-- Task input follows --

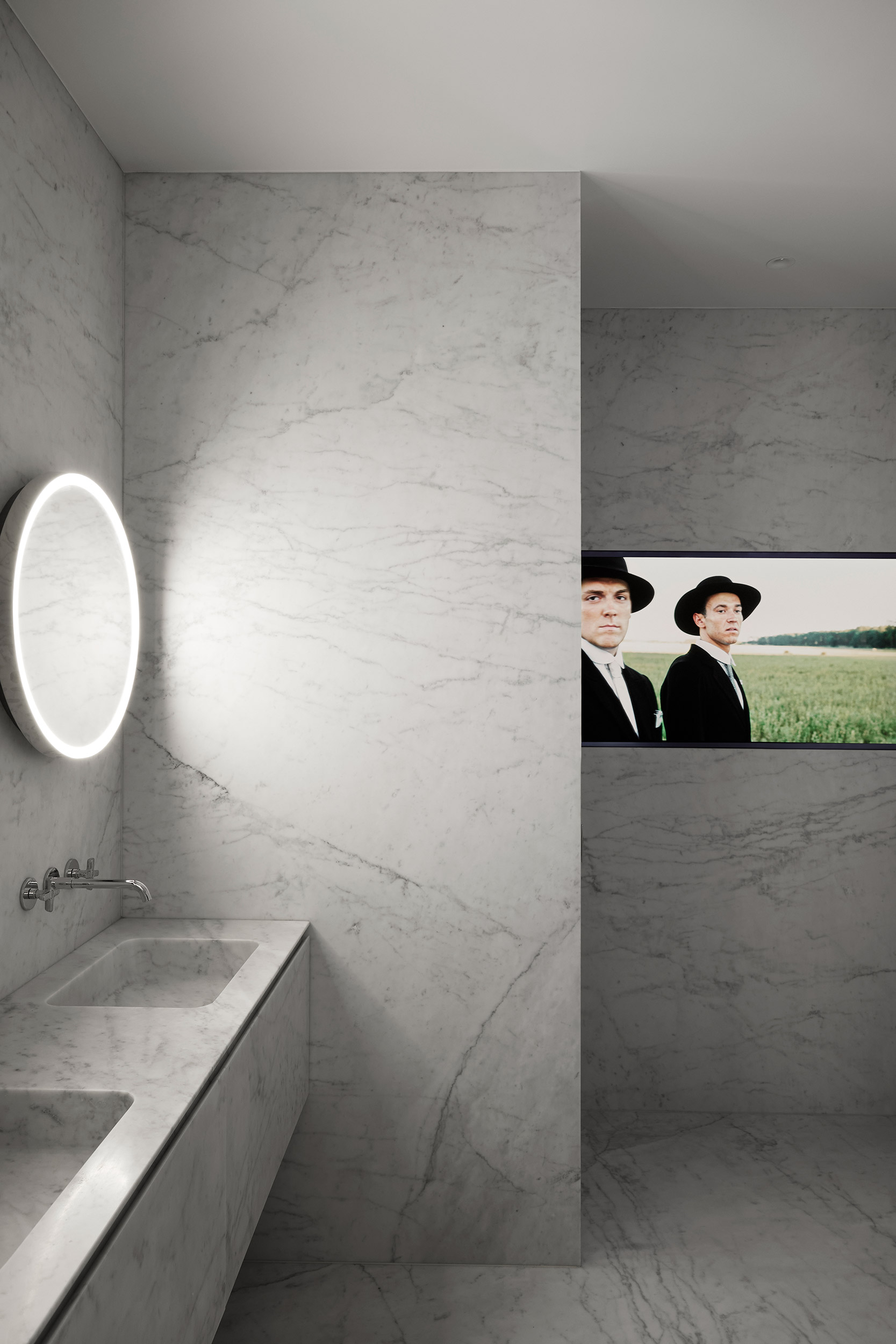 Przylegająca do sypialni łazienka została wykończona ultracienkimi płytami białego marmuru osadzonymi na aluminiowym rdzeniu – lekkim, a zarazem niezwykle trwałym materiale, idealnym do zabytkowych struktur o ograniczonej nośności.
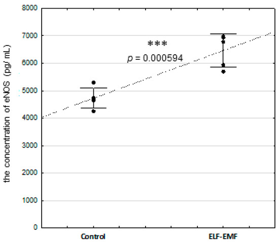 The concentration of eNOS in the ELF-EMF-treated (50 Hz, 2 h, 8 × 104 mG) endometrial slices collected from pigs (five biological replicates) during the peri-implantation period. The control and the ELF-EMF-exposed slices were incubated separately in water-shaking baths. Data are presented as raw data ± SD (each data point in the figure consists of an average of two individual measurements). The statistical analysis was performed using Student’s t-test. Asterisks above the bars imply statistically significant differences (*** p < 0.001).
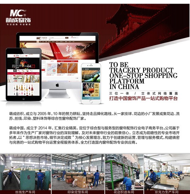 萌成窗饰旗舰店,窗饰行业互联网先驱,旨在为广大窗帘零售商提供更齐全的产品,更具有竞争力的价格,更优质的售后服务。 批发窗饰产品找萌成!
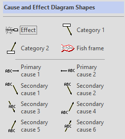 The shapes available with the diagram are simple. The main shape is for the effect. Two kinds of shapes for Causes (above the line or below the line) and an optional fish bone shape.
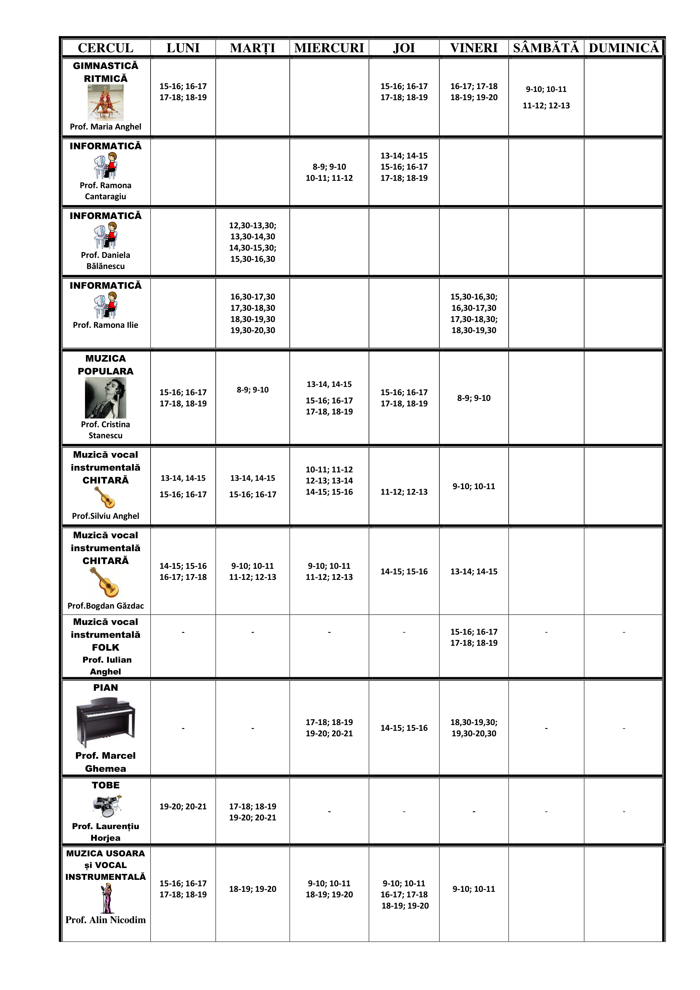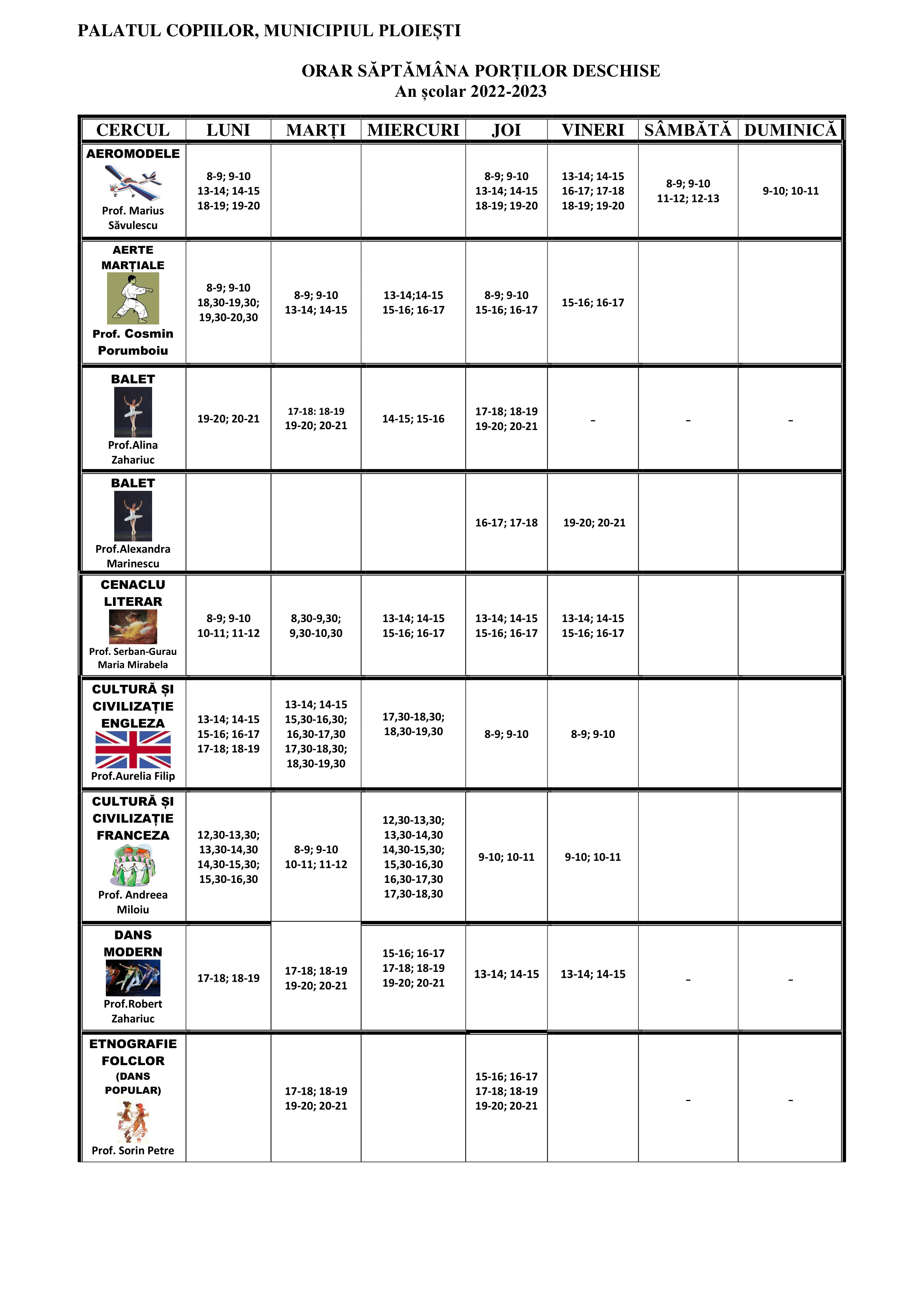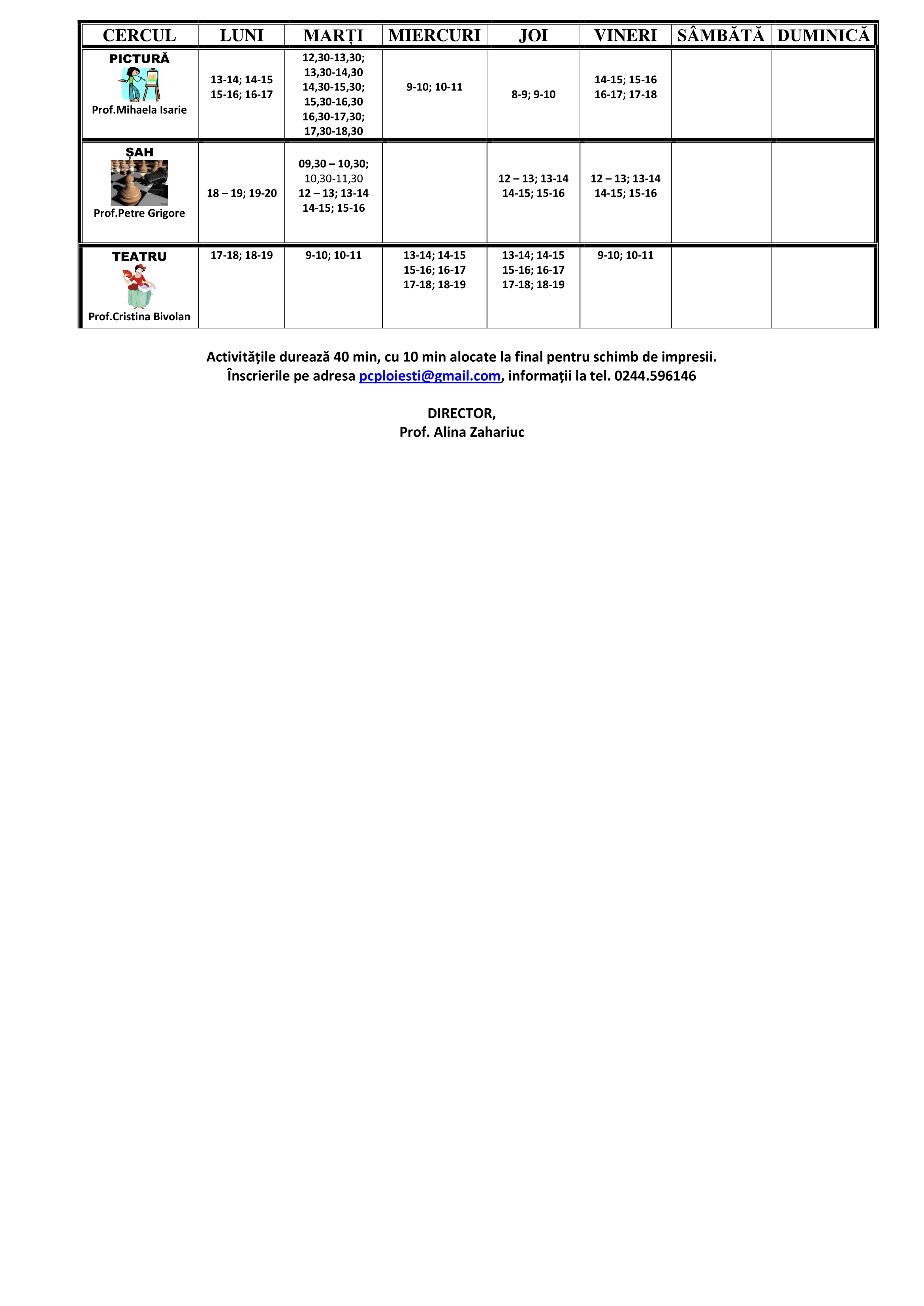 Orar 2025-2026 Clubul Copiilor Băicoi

-- Task input concluded --

- [Task objective]
Repeat the listing above up to and including the line with "The concentration of", starting from its first line. Drop any pictures.

- [Your solution]
 Przylegająca do sypialni łazienka została wykończona ultracienkimi płytami białego marmuru osadzonymi na aluminiowym rdzeniu – lekkim, a zarazem niezwykle trwałym materiale, idealnym do zabytkowych struktur o ograniczonej nośności.
 The concentration of eNOS in the ELF-EMF-treated (50 Hz, 2 h, 8 × 104 mG) endometrial slices collected from pigs (five biological replicates) during the peri-implantation period. The control and the ELF-EMF-exposed slices were incubated separately in water-shaking baths. Data are presented as raw data ± SD (each data point in the figure consists of an average of two individual measurements). The statistical analysis was performed using Student’s t-test. Asterisks above the bars imply statistically significant differences (*** p < 0.001).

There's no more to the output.